Ступив на сушу в Генуе, мы первым делом нашли рекомендованного нам хирурга, который оказался обыкновенным брадобреем[33]. Он принялся давить и крутить руку так и эдак, и Мастеру стало дурно. Я понял, что этот горе-доктор того и гляди возьмёт со стола нож и начнёт выпускать «чёрную кровь». Перепугавшись, я взвалил бесчувственного Мастера на плечо, унёс от этого страшного человека куда подальше и решил, что продолжу лечение сам — травами и компрессами. Может, удастся сохранить кисть и обойтись без уродливых шрамов? Ведь рука Мастера ценнее, чем их Генуя со всеми потрохами!
Я принёс дона Диего в гостиницу в центре города, разместил со всеми удобствами и, наложив на рану целебные листья, накрутил сверху шерстяные тряпки. Часто меняя эти компрессы, я держал их на кисти Мастера круглые сутки, много дней подряд, и отпаивал его горячим бульоном, жидкой сладкой овсянкой и красным вином, чтобы подкрепить его и очистить кровь. Я благодарю Господа за то, что он наставил меня и помог на этом пути. Вскоре нарыв перестало дёргать, опухоль спала, а рваные края раны затянулись здоровой коркой.
— Ты спас мне руку, Хуанико, — сказал Мастер однажды утром, увидев, что его кисть приняла наконец нормальный цвет и размер. — Проси всё, что захочешь.
В голове у меня промелькнуло много просьб разом, но я тут же одумался. Разве можно просить вознаграждение за то, что я сделал из преданности Мастеру? Да и зачем? Ведь стоит мне только заикнуться, что у меня возникла в чём-то нужда, он тут же даёт или покупает нужную вещь. Поэтому я ответил так:
— Мастер, ничего я просить не буду. Когда-нибудь, может, и попрошу, но не сейчас. Сейчас мне нужно только одно: чтобы вы не болели. И я каждую минуту возношу хвалу Богу за то, что ваша рука спасена и напишет ещё много великолепных картин.
Мастер промолчал. Он вообще был немногословным человеком. Но я видел, что мои слова ему дороги, что он мысленно перебирает их, чтобы сохранить в тайниках души.
Когда Мастер окончательно поправился, он обошёл все генуэзские галереи и частные коллекции и, выбрав несколько картин, отослал их королю на попутном галеоне. А мы, уже не по морю, а сушей, отправились в Венецию. Города и селения в Италии — в отличие от Испании — расположены довольно кучно, в пределах неутомительного дневного перехода. При хорошей погоде мы с Мастером отправляли наши вещи вперёд, с погонщиком мулов, а сами, встав на заре, прихватывали по буханке хлеба и шли пешком. Многие местные удивлялись безрассудству Мастера, предупреждали, что на дорогах много воров. Но он отвечал, что ничего ценного у нас с собой нет, а едой он всегда охотно поделится с любым голодным. За всё время пути ни нападений, ни иных посягательств мы не испытали, а в деревнях нам попадались добрые и гостеприимные люди. Этим они сильно отличались от хитроватых городских людишек, которые вечно стремились нас, иностранцев, как-нибудь облапошить. Но мы и в самом деле не носили с собой кошелей, а держали по нескольку монет в мешочках: часть — за поясом, часть прятали в ботинках. Больших же денег у нас и вовсе при себе не имелось, так как банкиры короля договорились с итальянскими ростовщиками{42}, что по прибытии в Венецию и Рим мы получим столько, сколько понадобится.

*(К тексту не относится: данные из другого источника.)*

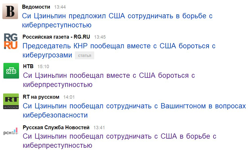 中美网络安全合作是俄罗斯媒体关注的重点。《导报》、《俄罗斯报》、独立电视台、RT电视台、俄罗斯新闻社等发表了《习近平建议与美国合作打击网络犯罪》、《中国国家主席承诺与美国共同应对网络威胁》、《习近平承诺与华盛顿在网络安全领域开展合作》等文章。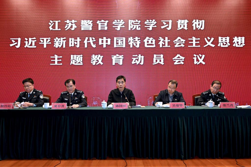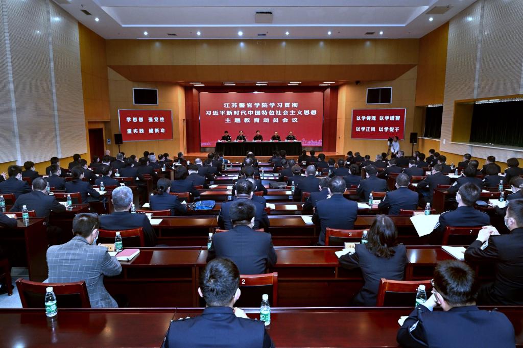 夏存喜指出,要深入学习贯彻习近平总书记在学习贯彻习近平新时代中国特色社会主义思想主题教育工作会议上的重要讲话精神,全面贯彻落实中央、省委和省公安厅党委部署要求,深刻认识开展主题教育是坚定拥护“两个确立”、坚决做到“两个维护”的必然要求,是谋划江苏公安教育现代化新路径、更好履行新时代公安教育新使命的必然要求,是全面从严管党治警、锻造过硬师生队伍的必然要求,提高政治站位、强化政治担当、扛起政治责任,扎实开展主题教育,真正做到铸牢忠诚警魂、坚定政治信仰、锤炼坚强党性、强化实干担当,努力把学院建设成为培育忠诚卫士的摇篮、研究现代警务的智库、孵化警务技术的平台、锻造公安铁军的基地,切实以公安教育担当,更好服务江苏公安工作现代化建设。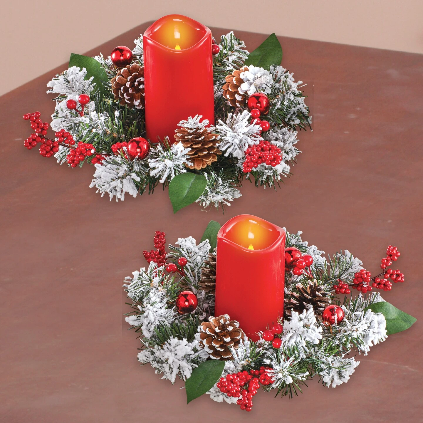 Frosted Pine Candle Rings and Red Flameless Candles with Pinecones, Winter Holiday Centerpiece and Tabletop Decorations, 2 Pc
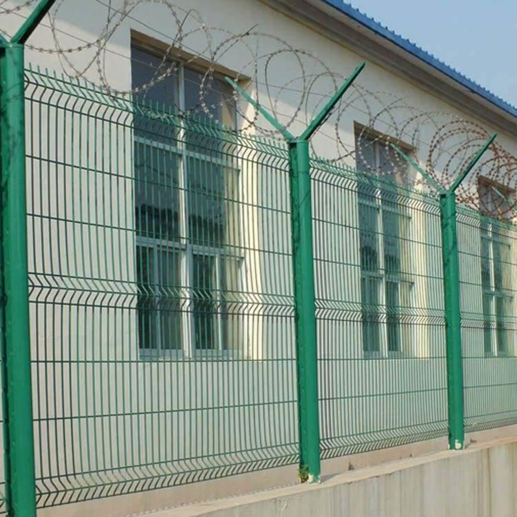 机场围界又称作“Y型安全防御护网”,是由V型支架立柱,加强型焊接片网,安全防盗连接件和热镀锌刀片刺笼组成强度和安全防御性级别很高。近年来,被广泛应用在机场等高安全场所。如果在机场护栏网顶部加装刀片刺丝、刀片刺绳后又很好的增强了安全防护性能。机场护栏网造型美观、花色多样,既起到围栏作用,又起到美化作用。由于具有安全性高、防攀爬能力好,网片连接方式采用特制SBS紧扣件,有效防止人为的破坏性拆卸,横向四道折弯加强筋,使网面强度显著增加。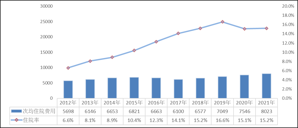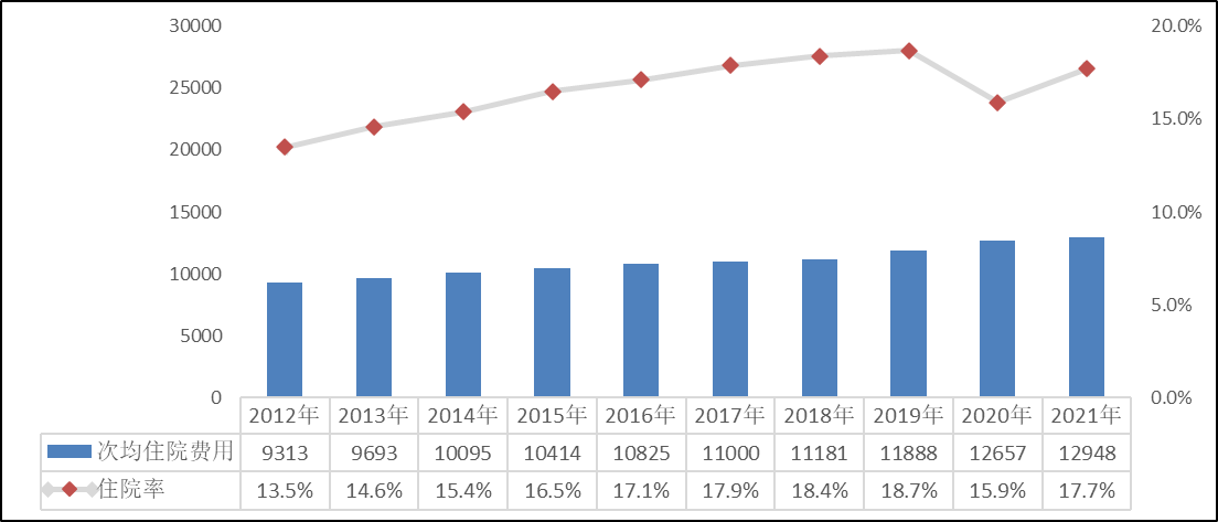 2021年,职工医保参保人员住院率17.7%,比上年增长1.8个百分点。其中:在职职工住院率为9.9%,比上年增长1.3个百分点;退休人员住院率为39.5%,比上年增长3.5个百分点。全国职工医保次均住院费用为12948元,比上年增长2.3%。其中在三级、二级、一级及以下医疗机构的次均住院费用分别为15588元、9284元、7415元,分别比上年增长-0.5%、2.1%、12.6%。次均住院床日10.0天,同比减少0.7天。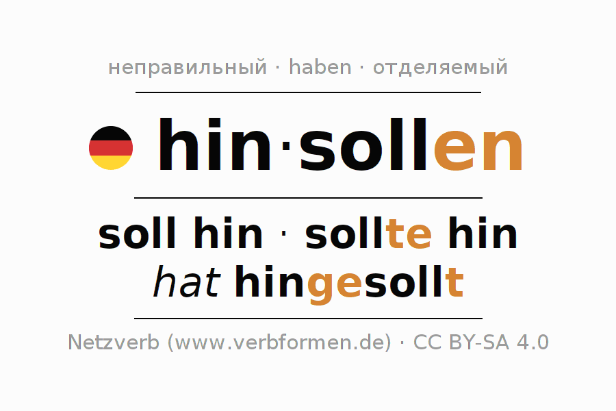 - Презенс: ich soll hin, du sollst hin, er soll hin, wir sollen hin, ihr sollt hin, sie sollen hin
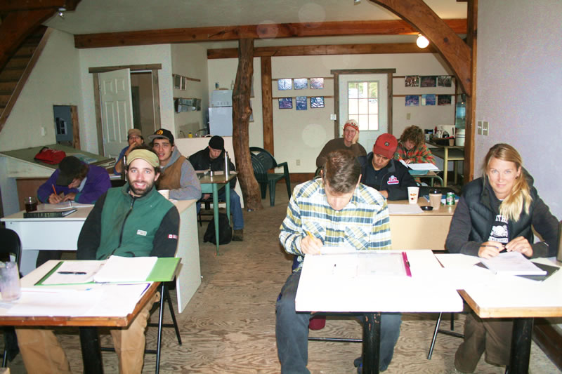 ISBA’s student lounge is a 1200 ft2, 1 ½ story Cedar Timber Post and Beam structure. This building was built by students in the class of 2002. There is a student built Rumford stone fireplace in this structure as well. The lounge is the home of our student class room. This is where all of the theoretical components of our courses are laid out and taught. It also contains a small kitchen where coffee and lunches can be made/ heated and enjoyed while basking in the warmth of the fireplace and visiting with fellow students. This structure is plumbed from a cistern and has a full bathroom for the students to use. The student lounge is finished in polystyrene/stucco infill panels and is an excellent finished example of what can be done with what we teach here.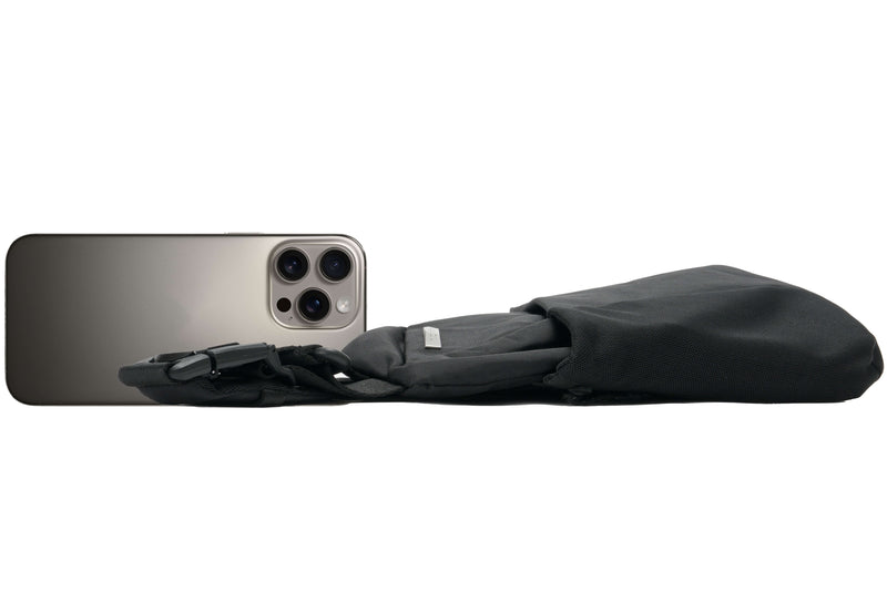 Weekend city explorer mode: Holds power bank, iPhone, pocket cam, 600ml bottle. Still looks slick.Expanded the side pocket for my DJI Pocket. Slim bag carrying bulky gear feels illegal.

Зато я всегда держал наготове уже натянутые на рамы холсты, угольные палочки и краски. Мастер часто останавливался, желая запечатлеть, как свет проникает сквозь ажурную решётку голых веток, как посверкивает на болоте роса, как ручей течет среди пустых бурых полей. Стояла зима, настоящая, холодная. Однажды пошёл снег, началась метель, и мы застряли в старинном городке под названием Кремона, где Мастер занялся поисками знаменитого семейства, про которое слышал ещё в Испании. Эти люди делали скрипки, передавая секреты обработки дерева и изготовления лаков из поколения в поколение.
Потом нас, прямо в дороге, настиг ледяной дождь, и Мастер промок и продрог до костей. Из-за этого у него снова разболелась и распухла правая кисть. Когда мы наконец добрались до придорожной таверны, Мастера знобило. Он лёг и боялся даже пошевелиться. Да и не мудрено! Чем, как не этой рукой, добывал он пропитание для своей семьи? Все его знания и умения, всё мастерство были смолоду — и вот уже тридцать лет -— сосредоточены в этой руке!
Я пытался облегчить его муки, как мог, но одновременно уговаривал обратиться к опытным итальянским хирургам. Только дон Диего не соглашался ни в какую — он боялся местных лекарей пуще смерти. Он просто лежал молча, оцепенев, точно обречённый. Я пришёл в совершенное отчаяние, оставалось лишь молиться.
Укрыв больного потеплее, я пошёл искать главный городской храм. Там я упал на колени перед образом Девы Марии и заплакал. Меня, как и Мастера, обуревал нестерпимый страх за его руку. Я просил Мадонну о помощи и клялся, что по возвращении в Испанию непременно признаюсь в главном своём преступлении — в тайных занятиях живописью, верну все украденные краски, приму любое наказание, лишь бы Мадонна обратила на Мастера милосердный взгляд и исцелила его руку.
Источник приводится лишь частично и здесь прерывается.